The New York Fed’s Empire index of manufacturing activity took a dive in the current reporting month — swinging from +15.73 in October to -11.14 in November, the largest swing ever recorded in a single month and the worst showing since the depths of recession in April 2009. The consensus was looking for +14. The question is why the pro-QE2 New York Fed would want to publish such an ugly statistic. Doesn’t it want to do everything it can to bolster confidence?
Meanwhile, the components were even worse than the headline. New orders were crushed, to -24.38 in November, which was the lowest since March 2009. This index is correlated to technology — the new darling sector of the investment community. But maybe there was more to Cisco’s recent disappointment than meets the eye.
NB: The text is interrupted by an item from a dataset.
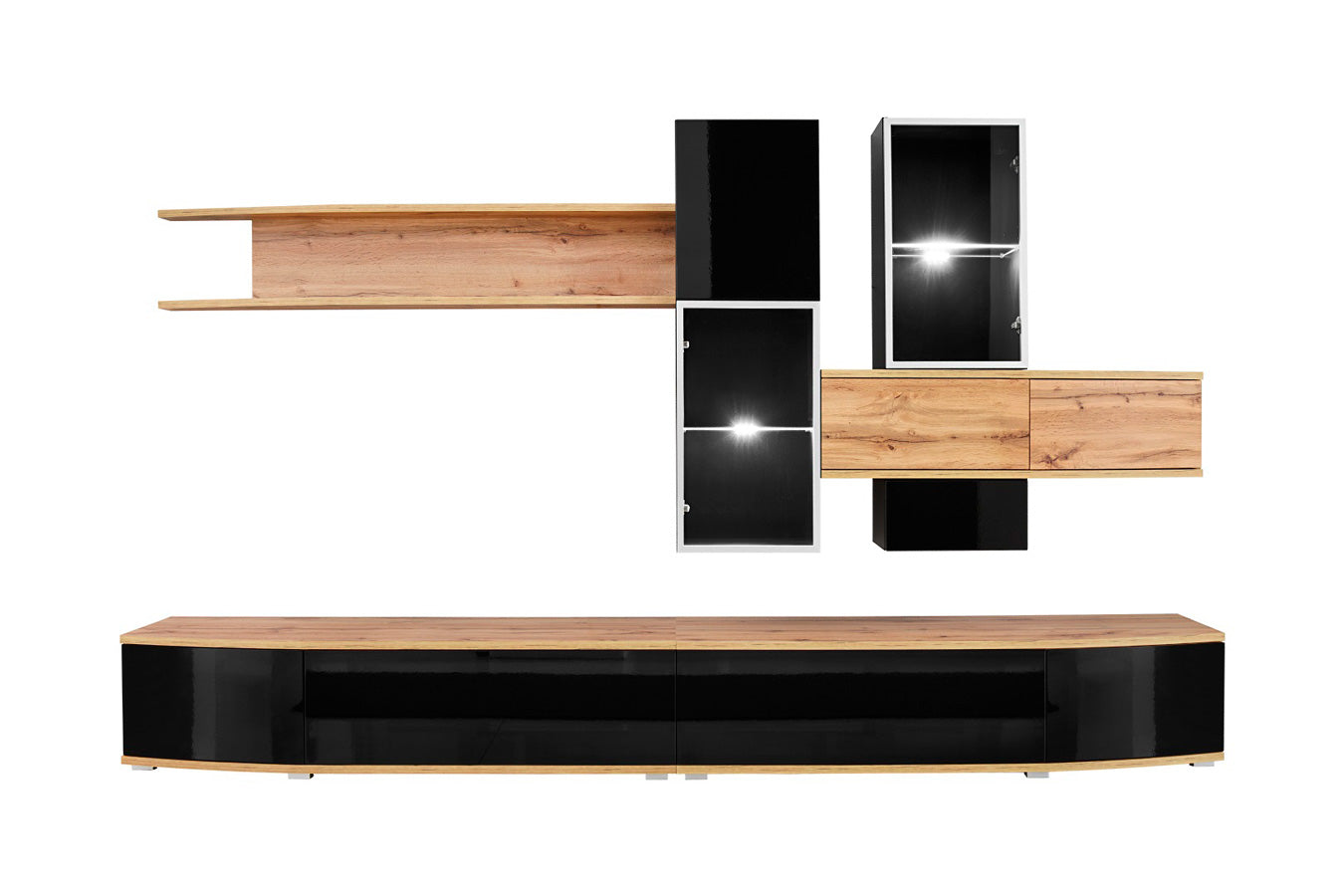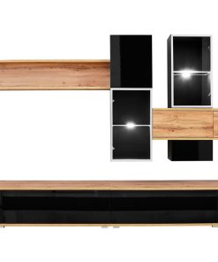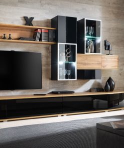 Laionis è una parete attrezzata perfettamente in linea con un arredamento moderno e innovativo, infatti, conquista per l’abbinamento di elementi in nero lucido e altri in quercia natura. Inoltre la presenza di ripiani in vetro con luci a led, creano un dettaglio ancora più intrigante.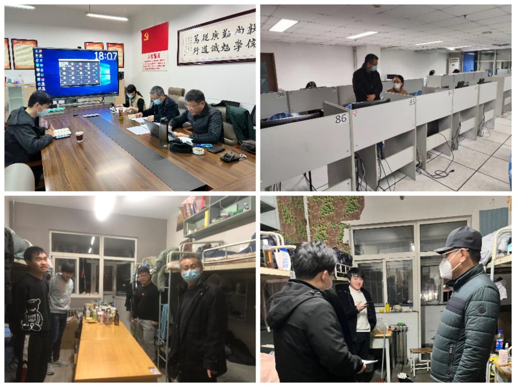 强化组织领导,提供有力保障。学院安排分管领导和教学督导实时督导线上教学质量,对线上课堂随访听课。学院党委书记肖学斌、院长许从宝、副书记纪玉超、副院长解旭东、副院长朱一荣,每日坚持深入教室、宿舍、图书馆进行巡查慰问,详细了解同学们的生活情况、在线学习状况和学习效果等,全力保障学生教学、日常生活。叮嘱学生“加强防护,安心学习,就是最好的抗疫。”

Everyone and their mother is awaiting a sustained turnaround in the jobs market but there was scant evidence of this in the Empire report — the employment component receded to 9.09 from 21.67 in October and hours worked came in negative for the second month in a row (-16.32 from -4.13), the first time this year this has happened.
Oh, and the inflation components, how could we forget ... so inflationary. Either manufacturers in the New York area are ignorant of what copper, crude, cotton and corn have been doing or maybe they are resisting the raw material cost increases just as they find it next to impossible to pass anything along to their customers because the prices-paid index slowed to 22.08 in November from 30.00 in October, while prices-received deflated outright to -2.60 from +8.33 in October. (source)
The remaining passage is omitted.